ミクトランのテスデイ
軽ーくそういう行為に誘ってみたら、
「おまえは今人間だろう。どんな病原菌がいるのかわからない状況で、スキンもなしに励むのはリスクが高い。悪いが無理だな」
と言われてしまったテスカトリポカ。
なんつー合理的な、色気のない断り方だと一瞬思ったが、ふと
「用意できりゃ抱いてもいいのか?」
と聞いてみると、デイビットは
「……そういうわけではない」
と微妙な反応。
流石にそう都合良くはいかないか、と潔く諦めて、この話は辞めにしようとする。
しかしデイビットが
「だが、おまえに迫られたら断りきれない気がするよ」
なんて続けるので、テスカトリポカはおいおい聞き捨てならんぞ相棒、と笑顔で背中を叩く。

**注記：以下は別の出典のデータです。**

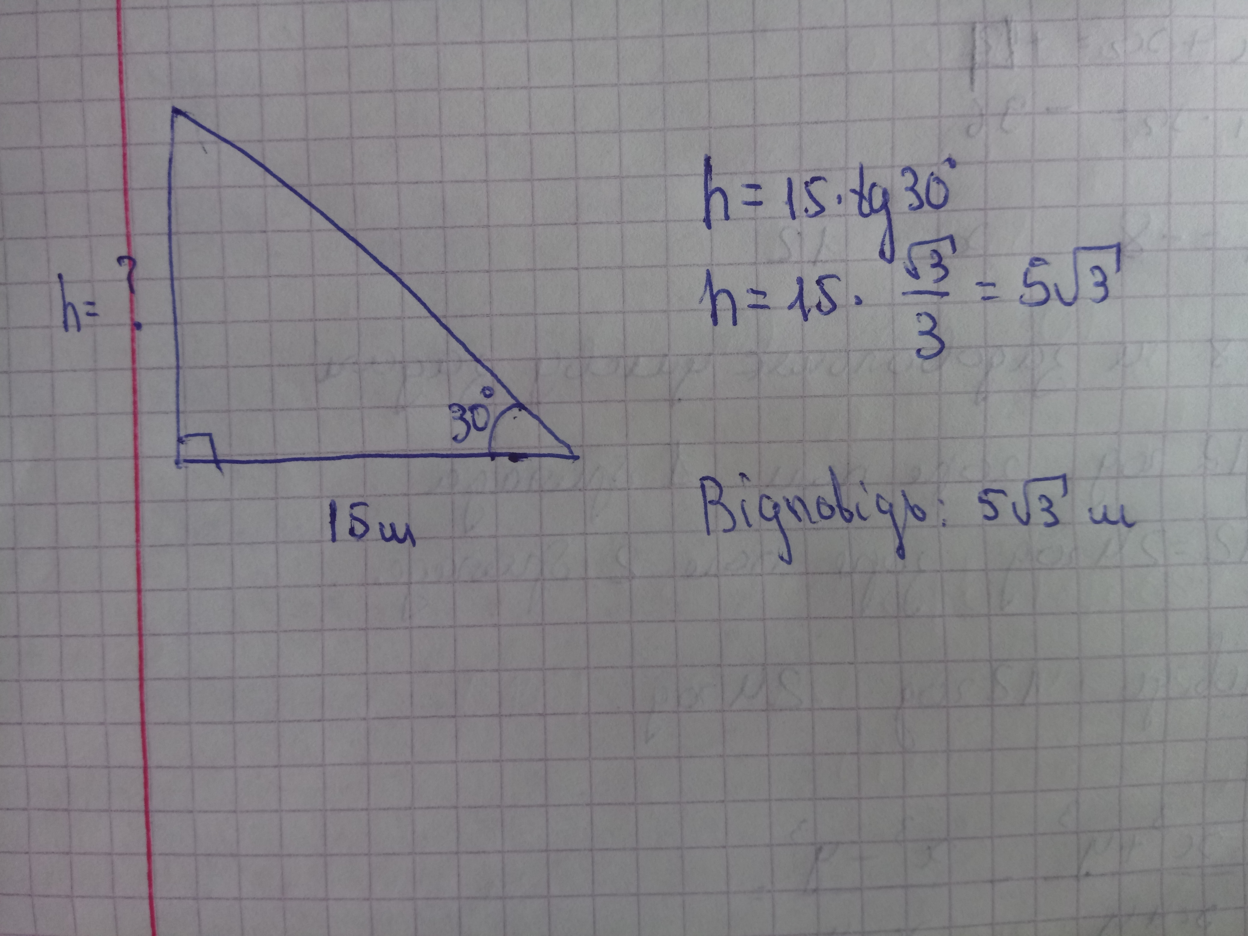 Довжина тіні дерева = 15м .Напрямок променів Сонця утворує 30 з поверхнею Землі..Яка висота дерев =?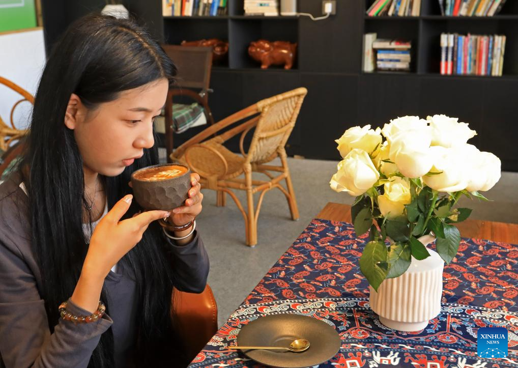 A customer enjoys coffee served in a volcanic rock mug in Tengchong, southwest China's Yunnan Province, April 26, 2025. Home to 99 active and extinct volcanoes, Tengchong is rich in geothermal resources. The city's environment is known by locals as being "half water half fire," a feature that has been utilized to develop tourism. (Xinhua/Liu Lianfen)

「オレがその気もない奴を無理に手篭めにするような男に見えるか?」
「見えない。が、その気にさせるのは上手そうだ」
「ありがとよ。けどなあ、んなこと言われちまうとオマエで実践してやりたくなっちまうぜ?」
「必要ない」
ピシャリと一言。キッツいねえ。その端的さはある意味美徳だな、と思いながら、テスカトリポカは冗談だよ、と笑い飛ばそうとする。
ところが、直後の
「先程も言ったが、ほとんど結果は見えている。お試しでやるなら時間の無駄だぞ」
という言葉を聞いて、そんな気は失せてしまった。
「……オレは、喰えそうなら喰う男でもあるぞ」
「うん。心得ておこう」
真っ直ぐこちらを見据えて頷くデイビットを見て、テスカトリポカは頭の中で、必要なものを用意する算段を立てるのだった。
そしてデイビットは明日以降の自分のために、「テスカトリポカに抱かれるかもしれない」という一節を、貴重な5分間の内に刻んでおくのだった。